Сегодня у нас праздник — день коронации. Поэтому все мы, в полной парадной форме, отправляемся на Горностай к молебну. Доехав до Американского участка, пересели в две ожидавшие нас военные шлюпки, присланные с нашего стационера. Но тут не обошлось без приключений, которые чуть было не кончились катастрофой. По незнакомству с фарватером реки, рулевой посадил нашу шлюпку на мель. Но это доставило лишь несколько минут возни нашим гребцам, которые с помощью багров и весел кое-как сдвинулись с мели. А надо заметить что омывающая Американский участок левая сторона реки заставлена вокруг мели множеством разного рода стоящих у пристаней речных судов: шаланд, джонок и больших грузовых сампангов, образующих своими рядами как бы плотную стену. И вдруг из-за этой стены, в ту минуту как мы уже стали ее огибать, неожиданно выскакивает полным ходом наперерез нашему пути маленький рабочий пароходик, тащивший за собою на коротком буксире большую грузную шаланду. Мы были на быстром течении вниз по реке и потому прежде чем успели принять надлежащие меры к предотвращению столкновения, шаланда уже очутилась против нас в расстоянии менее сажени.
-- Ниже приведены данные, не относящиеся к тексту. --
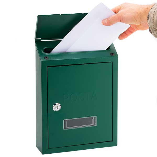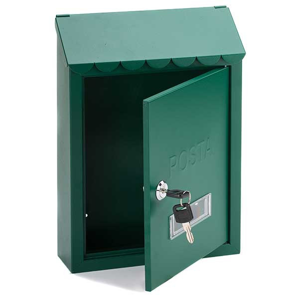 • kapun, kerítésen belülre vagy kívülre szerelhető • klasszikus megjelenésű kisméretű postaláda • anyaga horganyzott acéllemez • műanyag porszórással színezett • esővédett felső bedobónyílás felhajtható tetővel kerítésen kívüli és hátsó bedobónyílás kerítésen belüli szereléshez • oldalra nyíló postaláda ajtó • betekintő nyílás és névtartó • krómozott postaláda zár • kettő darab kulccsal • többféle színben rendelhető
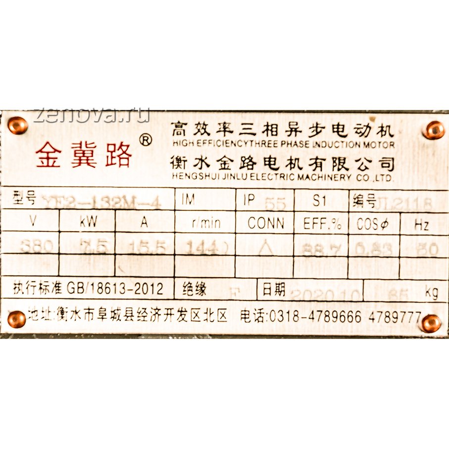 Мощность 7,5 кВт, скорость вращения 1440 об/мин (4 пары полюсов), 3Ф ~, напряжение 380 В, частота 50 Гц.
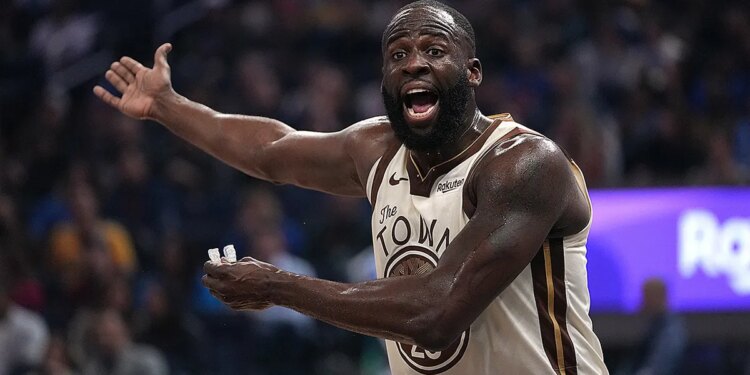 Golden State Warriors forward Draymond Green yells at the referee during the first half of an NBA basketball game against the Orlando Magic, Monday, Dec. 22, 2025, in San Francisco (AP Photo/Justine Willard)
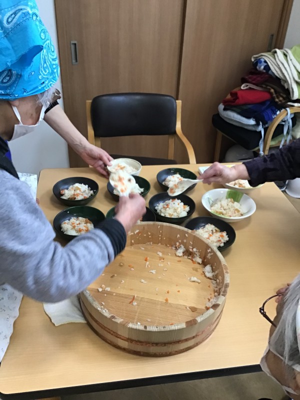 ちらし寿司を作っていただいています。ご飯と具をしっかり混ぜていただいたら、盛り付けをしていただきます。
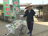 朝食の後、好次さんは引き売りに出掛けました。引き売りは不定期で行っています。採りたて野菜をリアカーに載せ、地下足袋にモンペ、ノラジュバン、すげ笠を身にまとい出発!毎回決まったコースを2時間かけて売り歩きます。次々と人々が好次さんの周りに集まってきました。畑へ戻るころには、リアカーいっぱいに積んでいた野菜は、ほとんど売れました。
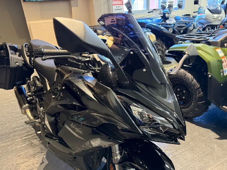 Z1000 SX i mycket fint skick och med fin utrustning. 1 ägare. 1200mil service gjord 2024-09-02 vid 1192mil på Aukt Kawasakiverkstad inkl bromsvätsebyte. Nya däck för ca 100mil sedan. Utrustning: Sidoväskor Kawasaki, Slip-on ARROW med dB-killer, Tailtidy och Kylarskydd (Original delar medföljer) - 12mån SMR Garanti
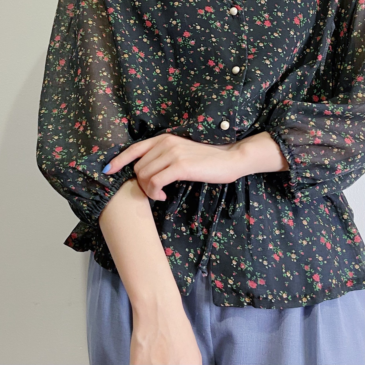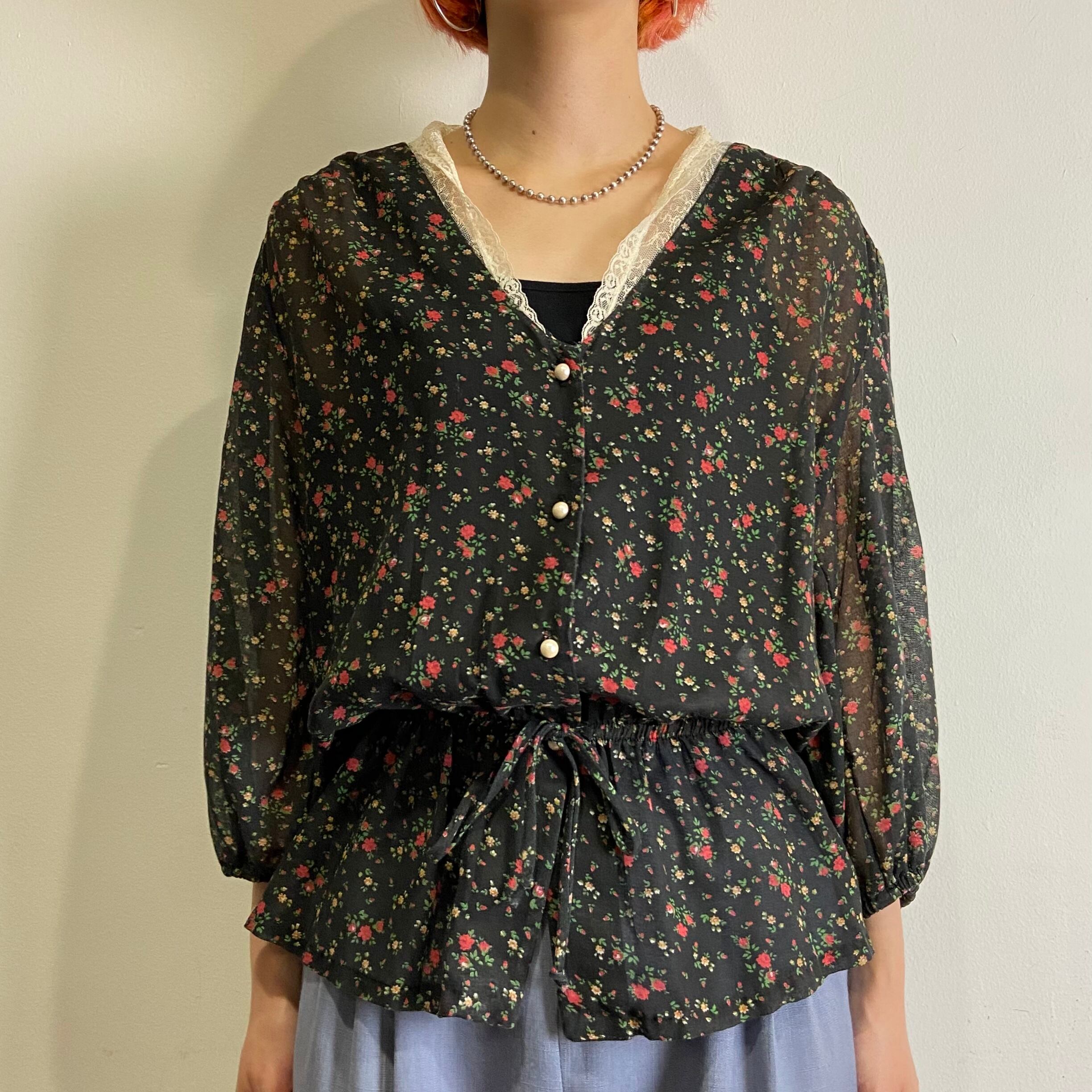 シースルー地に首元のレースが可愛い70年代のブラウスです。

Еще мгновенье, и она неминуемо должна была своею правою щекой ударить в левый борт нашу шлюпку и конечно смять ее под себя; но к счастию левобортовые гребцы успели подставить ей навстречу свои весла и тем парализовали силу удара. Благодаря этому маневру, шлюпка, отпихнувшись от шаланды, повернула носом вправо, по одному с нею направлению, и шаланда проскользнула вдоль ее борта, сильно об него шарахнувшись и накренив шлюпку на правую сторону. Слава Богу, отделались только одним сломавшимся при ударе веслом, да несколько помятым бортом. Вторая шлюпка где находились флаг-офицеры Родионов и Россель, следуя сзади, уже совсем было изготовилась спасать нас, ибо, по словам обоих, катастрофа казалась им неминуемою: были уже, как говорится, на волосок от смерти, но... стало быть не судьба потонуть нам сегодня в этих быстрых и противно грязных волнах Вузунга. [228]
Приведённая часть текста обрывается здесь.